* **ACTIVITY**
Make an exact copy of the records, omitting all images.

START LISTED RECORDS

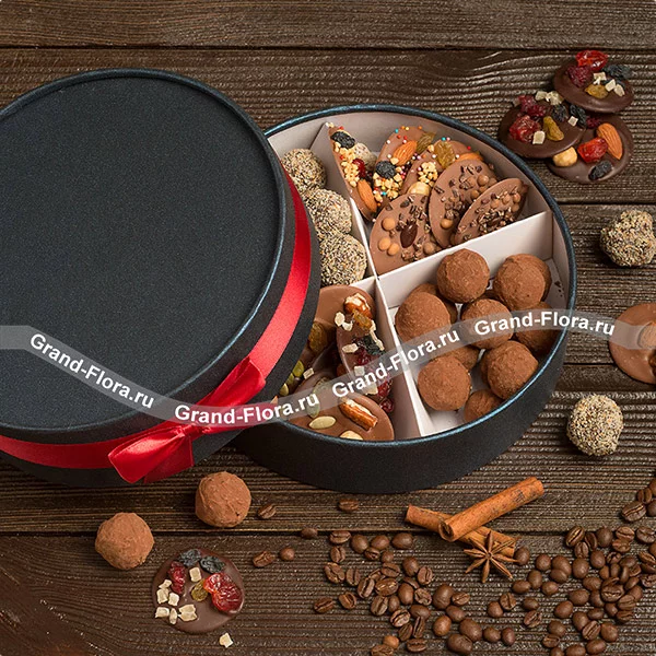 Стандартный: трюфель - 30 шт., медианты - 12 шт., коробка.
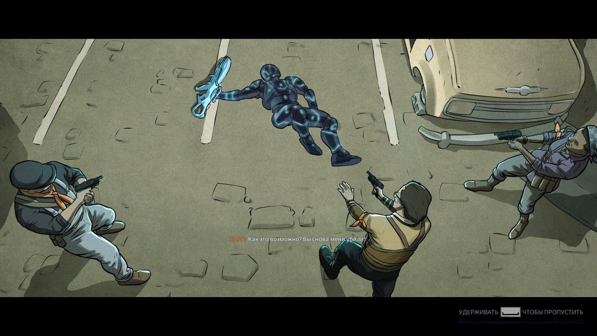 Проблема не только в том, что у пришельцев более совершенное оружие. Они еще могут замораживать время, и даже «закольцовывать» его. Да, это элемент рогаликов. Поэтому тут сюжет довольно интересный. Сам сюжет подается в виде таких миникомиксах, благо есть русский язык (только текст).
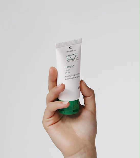 Biretix Isorepair está formulada especialmente para pieles con tendencia acneica que han quedado sensibilizadas o deshidratadas tras tratamientos con retinoides u otros tratamientos dermatológicos. Su fórmula emoliente combina ingredientes que reponen lípidos, refuerzan la barrera cutánea y aportan hidratación duradera, ayudando a disminuir la sensación de tirantez e irritación propia de la piel sensibilizada.
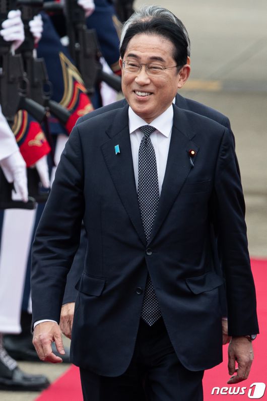 (성남=뉴스1) 유승관 기자 = 기시다 후미오(岸田文雄) 일본 총리가 7일 경기 성남시 서울공항에 도착해 이동하고 있다. 기시다 총리는 도착 직후 국립현충원을 방문한 뒤 용산 대통령실에서 윤석열 대통령과 한일 정상회담에 임할 계획이다. 일본 총리가 양자 정상회담을 위해 우리나라를 찾는 건 지난 2011년 10월 노다 요시히코(野田佳彦) 당시 총리 이후 이번이 12년 만이다. 2023.5.7/뉴스1
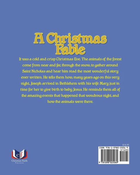 It was a cold and crisp Christmas Eve. The animals of the forest come from near and far, through the snow, to gather around Saint Nicholas and hear him read the most wonderful story ever written. He tells them how, many years ago on this very night, Joseph arrived in Bethlehem with his wife Mary just in time for her to give birth to baby Jesus. He reminds them all of the amazing events that happened that wondrous night, and how the animals were there.
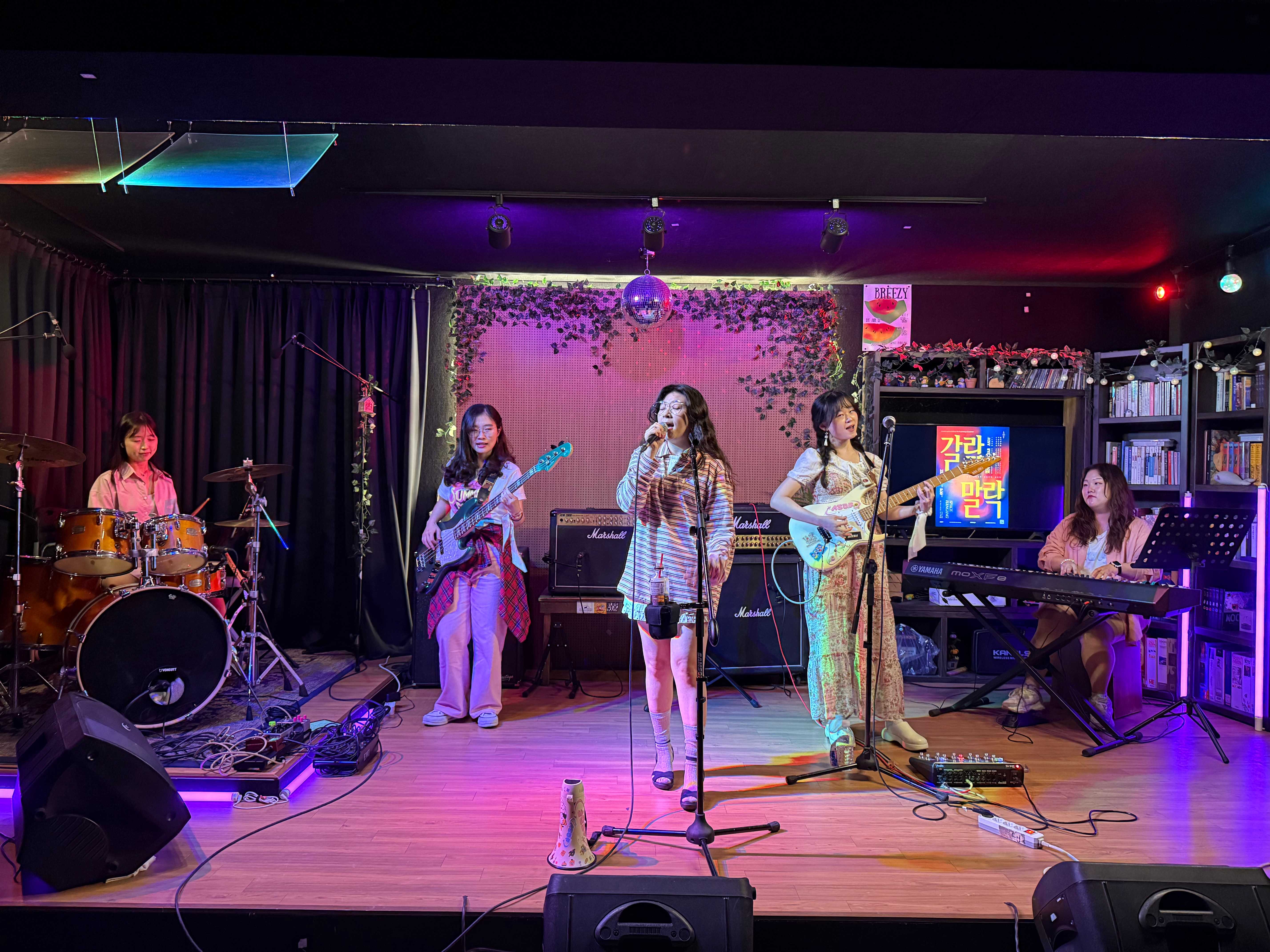 홍대까지 멀어서 빡셌지만 공연장 넘 이뻤다! 처음 함께하는 직밴 분들과 인연도 맺고 (사실 다들 좀 양아치 같았음) 울 멤버들의 공연 욕구를 채워주어서 기쁘다 .
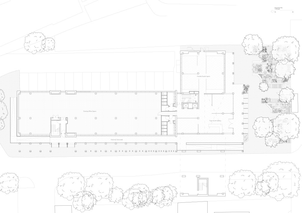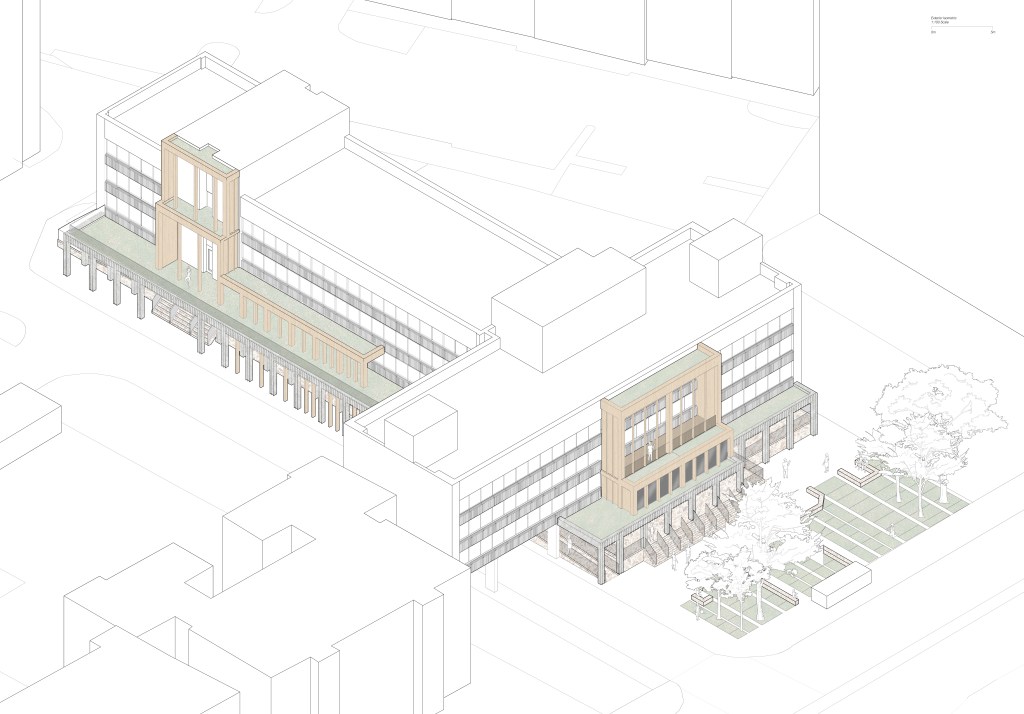 The former Teleperformance House is a vacant building located along Hagley Road, an arterial connective link between Edgbaston and Birmingham City Centre. Situated within the New Garden Square site on the Calthorpe Estate, it is earmarked for demolition. The site straddles the boundary between the Edgbaston and Ladywood Wards, offering an opportunity to activate the facade as a means of creating a new boarder, as explained by Sennett (2017) to provide a ‘new zone of active exchange’ between both communities. The former Teleperformance House building, originally built during the 1970s, was redeveloped in the late 1990s with a new curved glazed entrance façade that was unsympathetic to the existing building. The intention for this proposal is to advocate for the retention of the existing building whilst redeveloping key spaces to provide greater community exchange as well as redesigning the façade to provide a more sympathetic intervention.
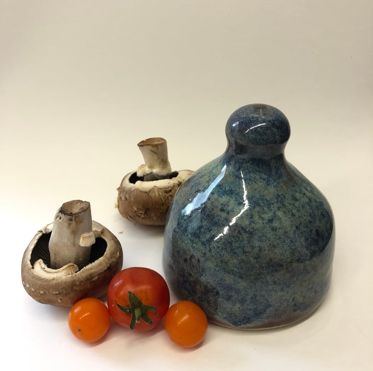 This wheel thrown stoneware ceramic salt pig has been finished with a beautiful ocean glaze, mottled with blues and greens and a lovely toasty finish around the rim. The inside is glazed with a deep burgundy colour. It measures approximately 11 cm tall x 10 cm diameter at the base and comes with a small wooden scoop. Dishwasher safe.
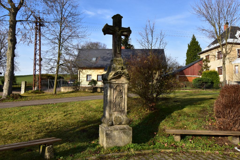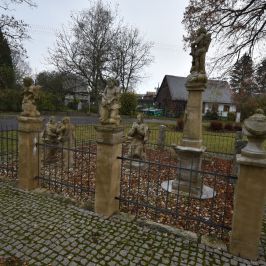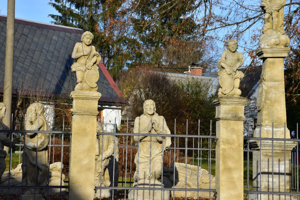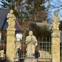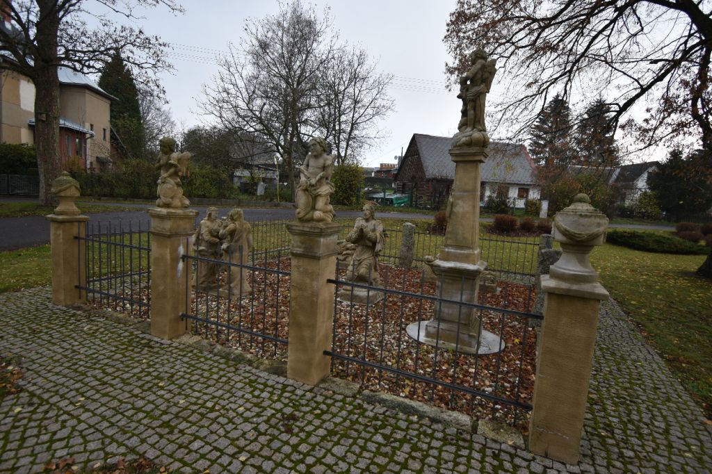 The Gethsemane Garden sculpture group from 2014 is located next to the church. The original group dates back to 1829 (The author was probably the stonemason Ignác Martinec from nearby Sestroňovice, who was inspired by a similar sculpture group built under Křížová hora in Jiřetín pod Jedlovou. Both works are thus significantly influenced by the Waltersdorf production - the sandstone quarries and the production area of the Zittau Mountains - and thus bear a significant seal of the common cultural heritage of the Euroregion.

END LISTED RECORDS

* **REPLY TO THE TASK**
 Стандартный: трюфель - 30 шт., медианты - 12 шт., коробка.
 Проблема не только в том, что у пришельцев более совершенное оружие. Они еще могут замораживать время, и даже «закольцовывать» его. Да, это элемент рогаликов. Поэтому тут сюжет довольно интересный. Сам сюжет подается в виде таких миникомиксах, благо есть русский язык (только текст).
 Biretix Isorepair está formulada especialmente para pieles con tendencia acneica que han quedado sensibilizadas o deshidratadas tras tratamientos con retinoides u otros tratamientos dermatológicos. Su fórmula emoliente combina ingredientes que reponen lípidos, refuerzan la barrera cutánea y aportan hidratación duradera, ayudando a disminuir la sensación de tirantez e irritación propia de la piel sensibilizada.
 (성남=뉴스1) 유승관 기자 = 기시다 후미오(岸田文雄) 일본 총리가 7일 경기 성남시 서울공항에 도착해 이동하고 있다. 기시다 총리는 도착 직후 국립현충원을 방문한 뒤 용산 대통령실에서 윤석열 대통령과 한일 정상회담에 임할 계획이다. 일본 총리가 양자 정상회담을 위해 우리나라를 찾는 건 지난 2011년 10월 노다 요시히코(野田佳彦) 당시 총리 이후 이번이 12년 만이다. 2023.5.7/뉴스1
 It was a cold and crisp Christmas Eve. The animals of the forest come from near and far, through the snow, to gather around Saint Nicholas and hear him read the most wonderful story ever written. He tells them how, many years ago on this very night, Joseph arrived in Bethlehem with his wife Mary just in time for her to give birth to baby Jesus. He reminds them all of the amazing events that happened that wondrous night, and how the animals were there.
 홍대까지 멀어서 빡셌지만 공연장 넘 이뻤다! 처음 함께하는 직밴 분들과 인연도 맺고 (사실 다들 좀 양아치 같았음) 울 멤버들의 공연 욕구를 채워주어서 기쁘다 .
 The former Teleperformance House is a vacant building located along Hagley Road, an arterial connective link between Edgbaston and Birmingham City Centre. Situated within the New Garden Square site on the Calthorpe Estate, it is earmarked for demolition. The site straddles the boundary between the Edgbaston and Ladywood Wards, offering an opportunity to activate the facade as a means of creating a new boarder, as explained by Sennett (2017) to provide a ‘new zone of active exchange’ between both communities. The former Teleperformance House building, originally built during the 1970s, was redeveloped in the late 1990s with a new curved glazed entrance façade that was unsympathetic to the existing building. The intention for this proposal is to advocate for the retention of the existing building whilst redeveloping key spaces to provide greater community exchange as well as redesigning the façade to provide a more sympathetic intervention.
 This wheel thrown stoneware ceramic salt pig has been finished with a beautiful ocean glaze, mottled with blues and greens and a lovely toasty finish around the rim. The inside is glazed with a deep burgundy colour. It measures approximately 11 cm tall x 10 cm diameter at the base and comes with a small wooden scoop. Dishwasher safe.
 The Gethsemane Garden sculpture group from 2014 is located next to the church. The original group dates back to 1829 (The author was probably the stonemason Ignác Martinec from nearby Sestroňovice, who was inspired by a similar sculpture group built under Křížová hora in Jiřetín pod Jedlovou. Both works are thus significantly influenced by the Waltersdorf production - the sandstone quarries and the production area of the Zittau Mountains - and thus bear a significant seal of the common cultural heritage of the Euroregion.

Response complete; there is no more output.